CDO-Fitness sees concession fitness segment heading toward concentration
Jaime Gutiérrez warned at Wuics that concession gyms are headed for concentration, a shift that could decide who wins Barcelona's municipal sports contracts.

CDO-Fitness chief Jaime Gutiérrez used the Wuics stage at the CAR de Sant Cugat to put a blunt marker on the concession business: the segment is moving toward concentration. He made the case in front of about 200 fitness professionals, alongside names such as Josep Figueras of SorliSport, Rod Hill of Fit Brand International and Héctor Cruz, turning what could have been a broad market discussion into a direct warning about who will still be standing when the next contract rounds come around.
That matters in Barcelona and Catalonia because the public side of the fitness market is still enormous and deeply embedded in how the city delivers sport. Barcelona’s municipal sports-facilities directory lists 1,253 results, and the city says that network helps make sport accessible across Barcelona. In practice, that means municipal and institutional contracts still shape a meaningful slice of local demand, from sports centers to publicly linked facilities. If concessions become more concentrated, scale will stop being a nice-to-have and become a gatekeeper.

Gutiérrez’s point lands hard because the segment is still not fully mature. Palco23 reported that he described the industry as still being “bastante en pañales,” which is exactly why the consolidation warning matters now rather than later. A market that early in its development can still be reshaped by a few bigger operators with deeper balance sheets, more specialized procurement teams and the ability to absorb thin margins while waiting for a return on investment.

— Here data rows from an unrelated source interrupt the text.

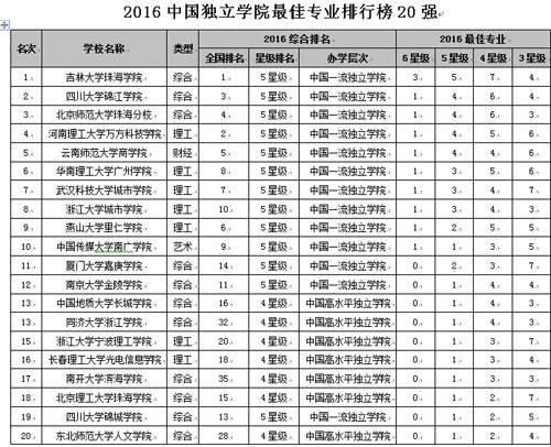 在最新2016中國(guó)各地區(qū)大學(xué)最佳專(zhuān)業(yè)排行榜中,北京市高校有74專(zhuān)業(yè)榮膺中國(guó)七星級(jí)專(zhuān)業(yè),蟬聯(lián)第1,上海列第2,江蘇居第3,湖北列第4,湖南居第5。在2016中國(guó)民辦大學(xué)最佳專(zhuān)業(yè)排行榜中,武昌首義學(xué)院、文華學(xué)院、西安外事學(xué)院、山東英才學(xué)院和西安歐亞學(xué)院名列前5強(qiáng)。在2016中國(guó)獨(dú)立學(xué)院最佳專(zhuān)業(yè)排行榜中,吉林大學(xué)珠海學(xué)院、四川大學(xué)錦江學(xué)院、北京師范大學(xué)珠海分校、河南理工大學(xué)萬(wàn)方科技學(xué)院和云南師范大學(xué)商學(xué)院名列前5強(qiáng)。
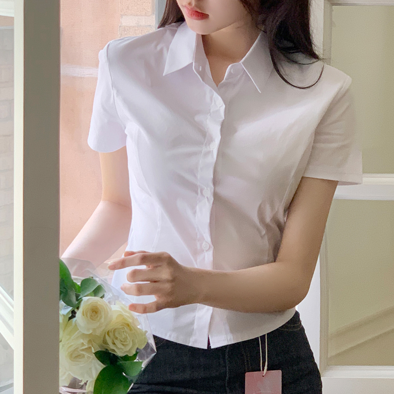 1000장 돌파✨ [구김걱정X, 슬림핏] 프린세스라인 크롭셔츠 반팔 셔츠 슬림핏 크롭셔츠 비율보정핏 데일리룩 오피스룩 구김없는소재 꾸안꾸룩 bs7928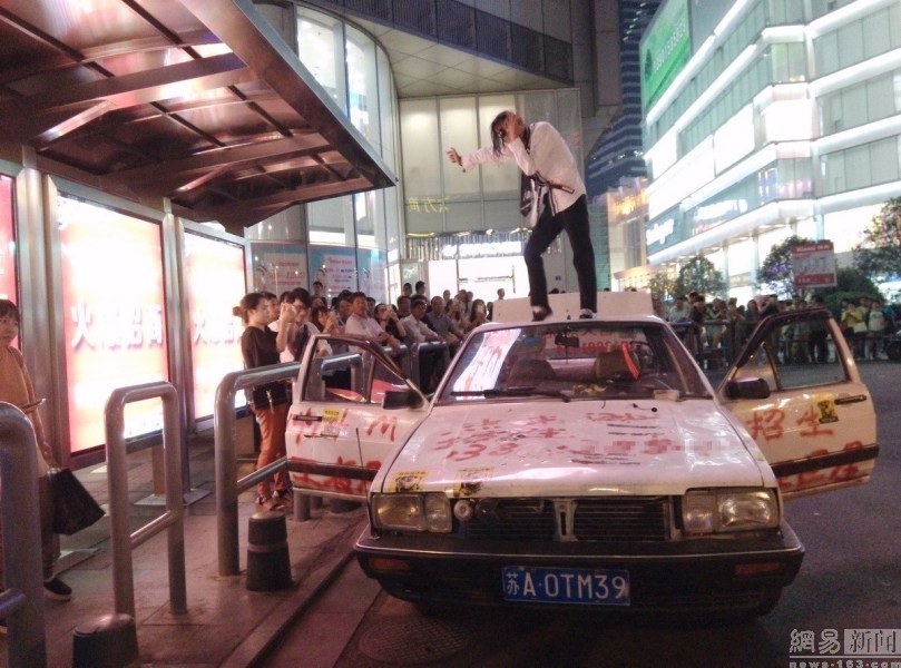 现场被当做舞台的轿车是一辆破旧普桑,车身印着“名人杰克逊”、“招生”等字样和一个手机号码,打开的后备箱里放着音响设备,一直播放着杰克逊的经典歌曲。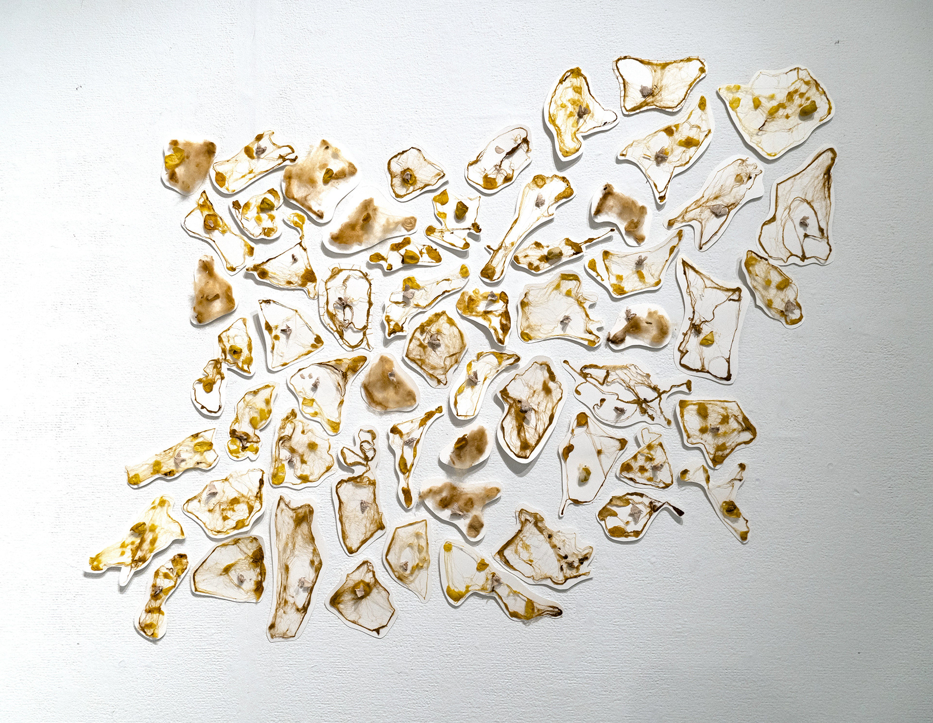 Momento Bombyx mori, 2021, Silk Moths, Silk, Marigold Dye, Thread, Paper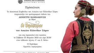 Τα εγκαίνια της έκθεσης ΄Θησαυροί του Λυκείου Ελληνίδων Σύρου ΄΄ Με την Φωτογραφική ματιά του Δημήτρη Βαμβακούση θα πραγματοποιηθούν το Σάββατο 25 Μαρ...
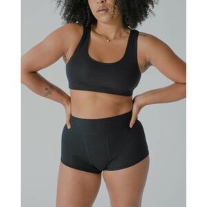 Revol Cares leak-proof underwear in black. Boxer/boyshorts style underwear that doubles as sleep shorts. Ultra high absorbency, yet still soft and super comfy.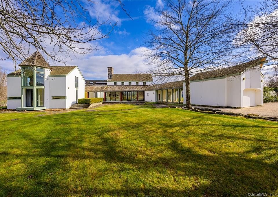 Gentle meadows and Brewer Brook create a tranquil and private setting for this modern masterpiece. The integration of the indoors with the outdoors is beautifully executed. The sight lines thru the interior and exterior spaces are superb. A magnificent two-story living/dining room with massive field stone fireplace is at the heart of this home and opens to pool/jacuzzi terrace and the view on one side. A glass enclosed gallery runs the length of the house on the other side. The kitchen is well designed with a large marble island. A gracious primary suite and two guest bedrooms are on the main level. A mahogany staircase leads to a studio space, perfect for home office or additional guest space. The 16 acres is surrounded by protected woodlands, has pear and apple trees and is ample enough to add a guesthouse, tennis court, pool house, etc. Designed by Debora Reiser and featured in House Beautiful and Inside Architecture.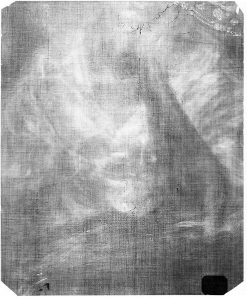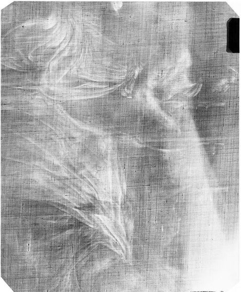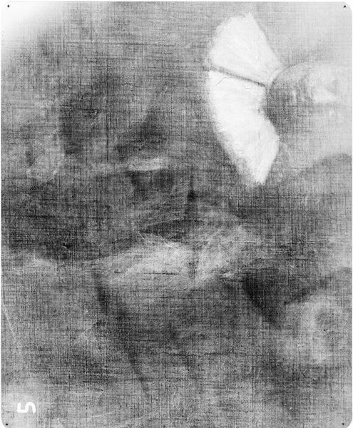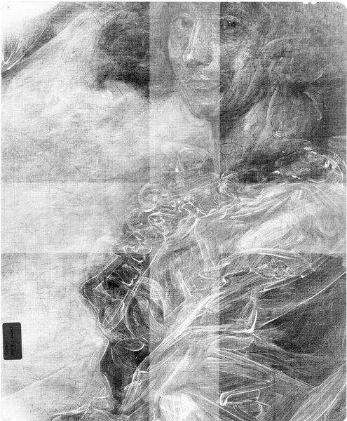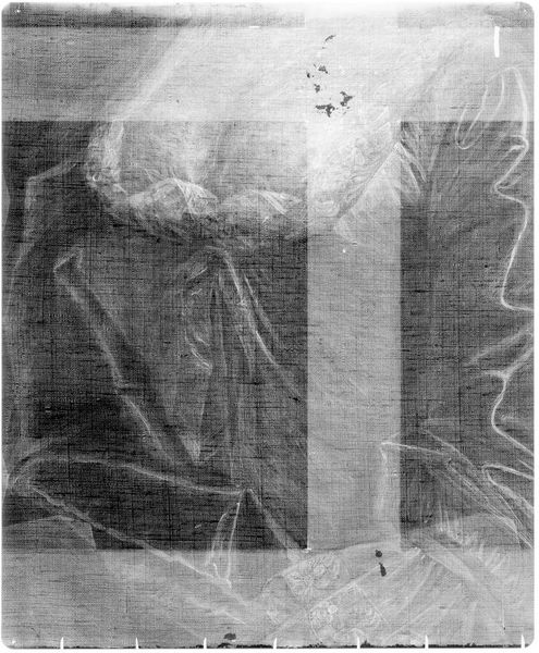 Curator: This is an X-radiograph of what is believed to be a portrait of Judith (Rawlins) Gayton, potentially by John Smibert. Striking, isn't it? What catches your eye first? Editor: It’s like seeing a ghost, but of an artwork itself. The hands are so delicate, even in this skeletal form, reaching… for something? Curator: It’s fascinating how the X-ray reveals the density of the paint and materials used. Notice the areas where the artist layered pigment, perhaps suggesting emphasis or changes made during the painting process. Editor: It makes me wonder what secrets lie beneath the surface of all paintings, the hidden narratives and artistic choices invisible to the naked eye. Curator: Indeed. It makes us think about the nature of portraiture and memory, doesn't it? Even in its most hidden form, the essence of Judith Gayton is still present. Editor: Absolutely. It's like a visual echo, reminding us of the layers of meaning and history embedded within art.

For mid-sized operators, the pressure is obvious. In a concession-heavy market, the winners are likely to be groups that can handle staffing, compliance, reporting and capital upgrades without blinking. Smaller players that once competed center by center may need to specialize, partner or merge to stay relevant. The alternative is being squeezed out by larger groups that can bid more aggressively and still fund the service levels municipalities expect.
Barcelona is already giving a glimpse of what that market looks like on the ground. The city published a concession tender for the La Sagrera municipal sports center in 2025, and its own sports site lists Duet Sports as the managing entity for Centre Esportiu Municipal Cotxeres Borbó. When Sixth Street and Ithaka announced their acquisition of Duet Sports in December 2020, they said the company operated ten centers across Catalonia and Spain. That is the kind of footprint Gutiérrez was pointing toward: not just one club, but a platform built to win and run public contracts at scale.
The message from Sant Cugat was clear. In Barcelona’s public-sport ecosystem, consolidation is no longer an abstract industry theme. It is becoming the deciding factor in who gets the next concession, who can invest in the next upgrade and who gets left behind.